Latest revision as of 23:26, 8 May 2014

Bal Gangadhar Tilak
Lokmany tilak.jpg
Alternate name(s): Lokmanya Tilak
Place of birth: Ratnagiri, Maharashtra, India
Place of death: Bombay,India
Movement: Indian Independence Movement
Major organizations: Indian National Congress

Bāḷ Gaṅgādhar Ṭiḷak (Marāṭhī: बाळ गंगाधर टिळक) (July 23, 1856 - August 1, 1920), was an Indian nationalist, philosopher, social reformer, and the first popular leader of the Indian Independence Movement. He is known as "Father of the Indian unrest." Reverently addressed as Lokmanya (meaning "Beloved of the people" or "Revered by the world"), Tilak was a scholar of Indian history, Sanskrit, Hinduism, mathematics, law, and astronomy. He was one of the first and strongest proponents for Swaraj (complete independence) in Indian consciousness, and is often considered the father of Hindu nationalism. His famous quote, "Swaraj is my birthright, and I shall have it!" is well-remembered in India even today. In 1881, he established two newspapers, the Marathi Kesari (Lion), and The Mahratta, published in English, to arouse political consciousness in the general population. After being imprisoned for sedition from 1908–1914, he emerged a political leader and helped to found the Home Rule League.

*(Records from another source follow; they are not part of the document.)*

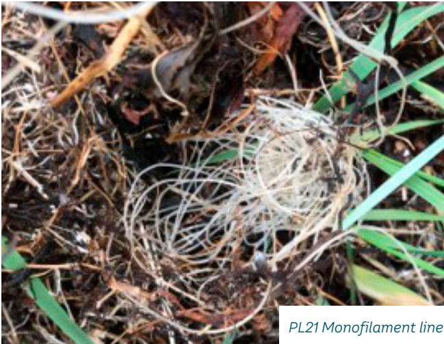
PL21 Monofilament line
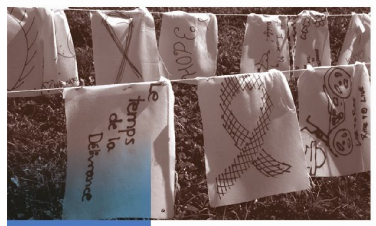
Photo: International AIDS Conference Toronto, 2006
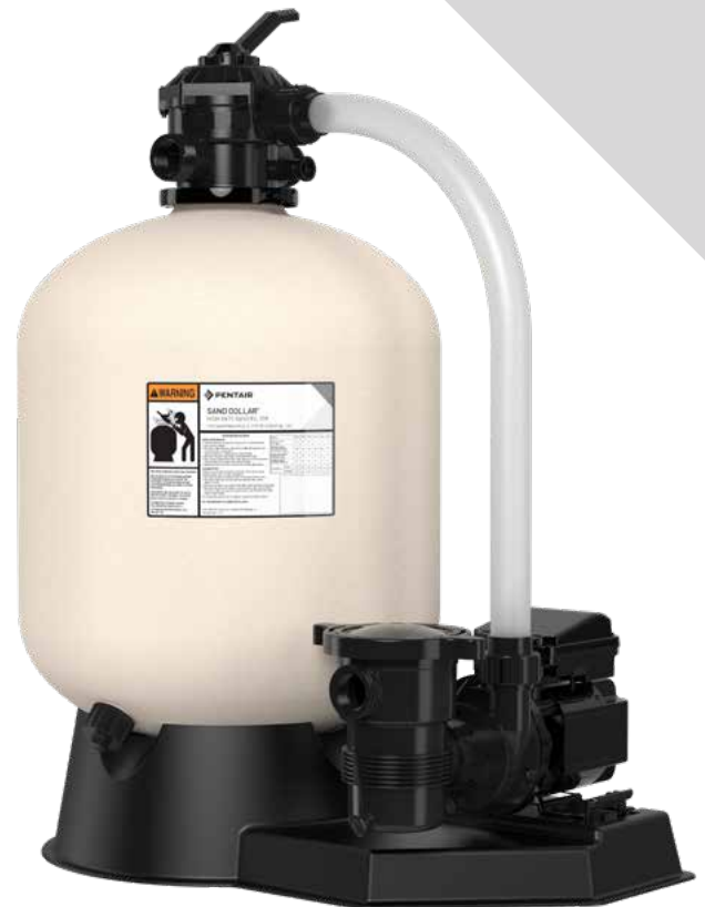
▲ SAND DOLLAR SAND FILTER SYSTEM
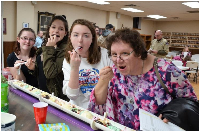
Enjoying Sewer Pipe Sundeas after the meeting
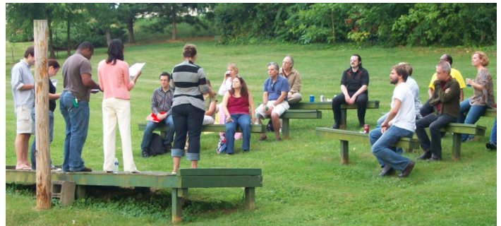
Reading House of Atreus for Playscript Analysis last summer

After the success of the reading at Fullerton, House of Atreus is slated for a full production at Orange Coast College (Engard's alma mater) in November.
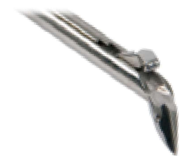
Arthropasser PII 910081 45°, Right
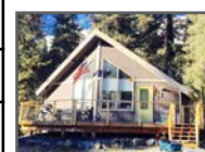
135 Birdhouse Lp
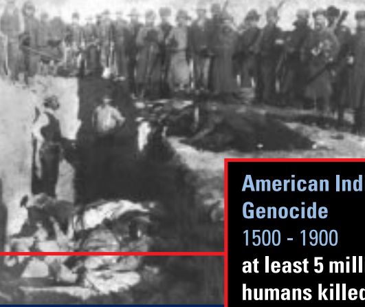
American Indian at least 5 million humans killed

American Unborn Genocide 1973 - present 40 million humans killed (and counting)
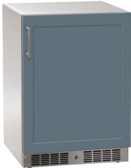
MRRE224-IS31A Panel Ready Solid
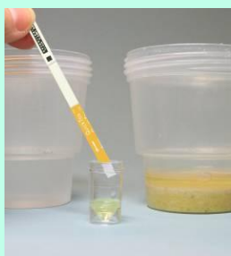
Place strip in vial

Tilak wrote an original commentary on the Bhagavadgita, Bhagawadgita-Rahasya (Secret of the Bhagavadgita), in which he discarded the orthodox interpretation that the Bhagavadgita taught the ideal of renunciation; in his view, it taught selfless service to humanity. Tilak regarded karma yoga (the yoga of activity) not as subordinate to jnana yoga, but as equal and complementary to it.

Life

Early life

Bal Gangadhar Tilak was born July 23, 1856, in Madhali Alee (Middle Lane) in Ratnagiri, Maharashtra, into a middle class family of the Chitpavan Brahmin caste. His father, Gangadhar Ramachandra Tilak, was a Sanskrit scholar and a famous teacher who began his education at home while he was still very young. Tilak was an excellent student and was very good in mathematics. From an early age, he demonstrated intolerance for injustice, and was not afraid to speak the truth. When Tilak was ten, his father was transferred to Pune from Ratnagiri. He joined the Anglo-Vernacular School in Pune and was educated by well-known teachers. Soon after coming to Pune, Tilak lost his mother, and by the time he was sixteen, his father had also died. While Tilak was studying in Matriculation he was married, according to Hindu tradition, to a ten year old girl named Satyabhama.[1] Tilak was among India's first generation of youth to receive a modern college education.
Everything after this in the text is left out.